Posted by: Fred Jones | Dec 22, 2005 1:10:00 PM


Ginger is a thinking being and thus able to comment on things that are not necessarily directly relevant to one's personal expirience. Whether or not Ginger lives in a totalitarian state is irrellevant.

However, since you feel strongly that those who have no dog in a fight shouldn't comment I expect we will not see any more comments from you about gay marriage until you have announced that you are a homosexual. I for one will welcome the quiet.

Posted by: Dave Justus | Dec 22, 2005 2:06:04 PM

Didn't you get the memo, Dave, that this subject is off limits? According to all the liberals, you must be a latent homo for even mentioning this.

Here's the position, Dave, just so we are clear:

You can be just as much of a fruitcake, Davey, as you please and it wouldn't affect me very much at all.

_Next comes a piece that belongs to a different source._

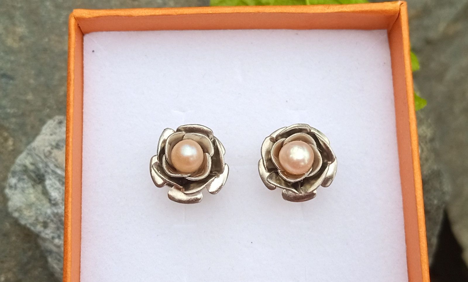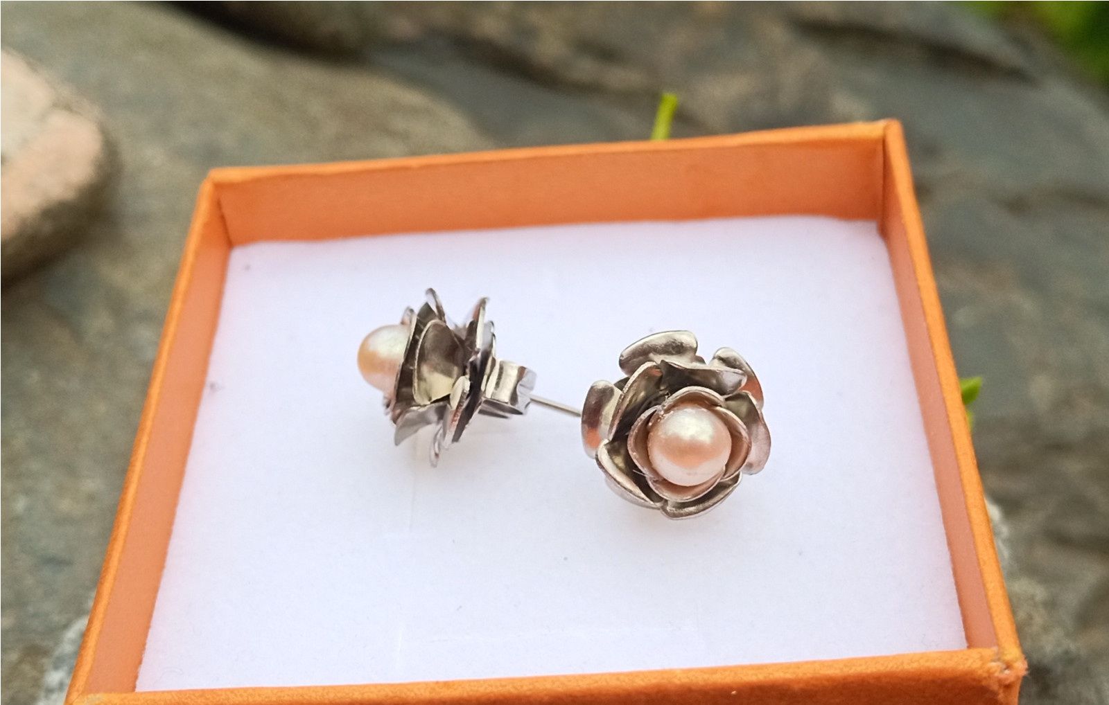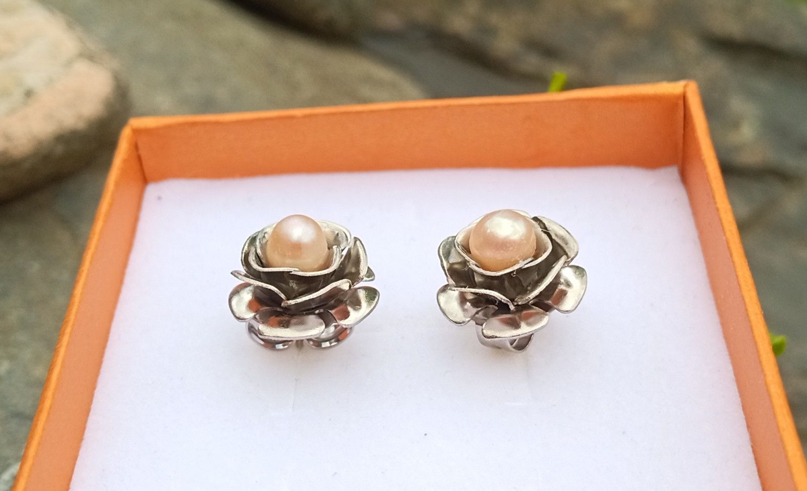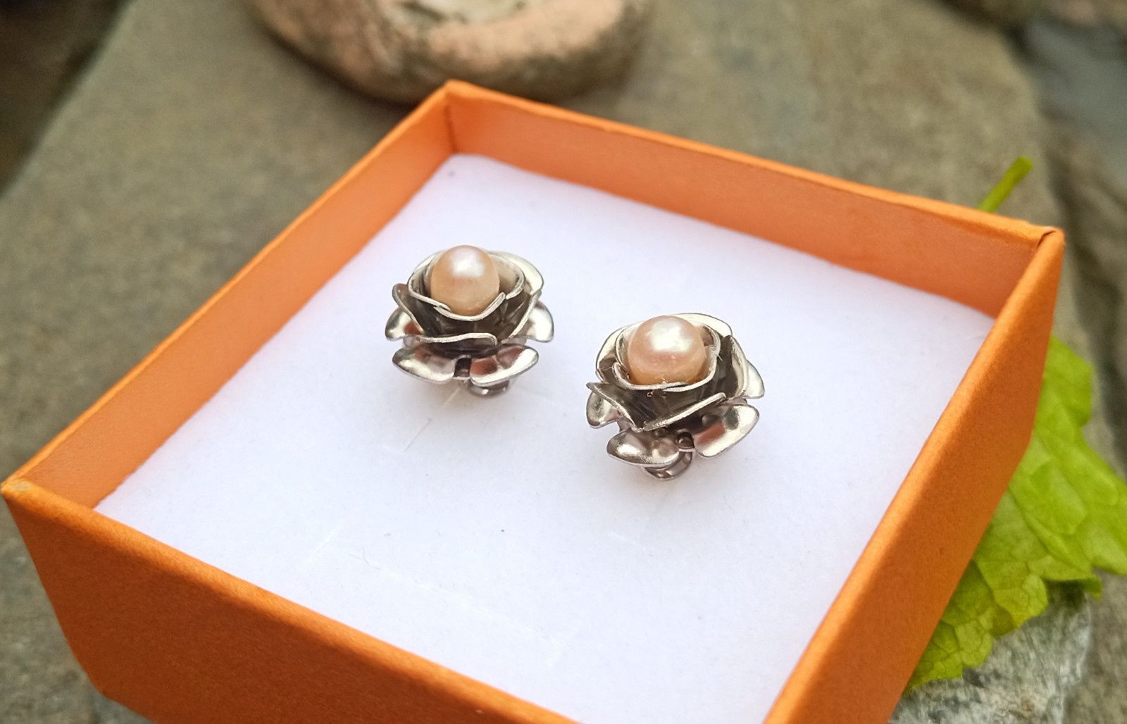 Něžné romantické náušnice puzety ve tvaru růžiček uprostřed zdobených světle růžovými dokonale lesklými říčními perlami o průměru cca 5 mm. Květinky - růžičky jsou vyrobené z chirurgické oceli - hypoalergenní, vhodné i pro alergiky.
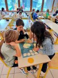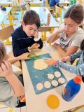 Les CM1 découvrent la notion de fraction en manipulant de la pâte à sel.

However,it affects everyone when a tiny minority attempts to change the very foundation of our society, and that's the only issue that I really care about.

Other than that, go for it, Susan!!!

Posted by: Fred Jones | Dec 22, 2005 2:56:00 PM

Ginger is an American citizen who happens to be living in Britain. I have plenty of dogs in this fight.

"However,it affects everyone when a tiny minority attempts to change the very foundation of our society, and that's the only issue that I really care about."

Yeah, Cheney and his pals piss me off, too.

Posted by: Ginger Yellow | Dec 23, 2005 6:33:27 AM

Yeah, Cheney and his pals piss me off, too.

Then you understand the feeling. Only the issues are different. I affirm your right to feel this way. It's a free country. I also expect you to uphold my right to feel this way on my issues. You don't have to agree with me. Just understand that I have that right.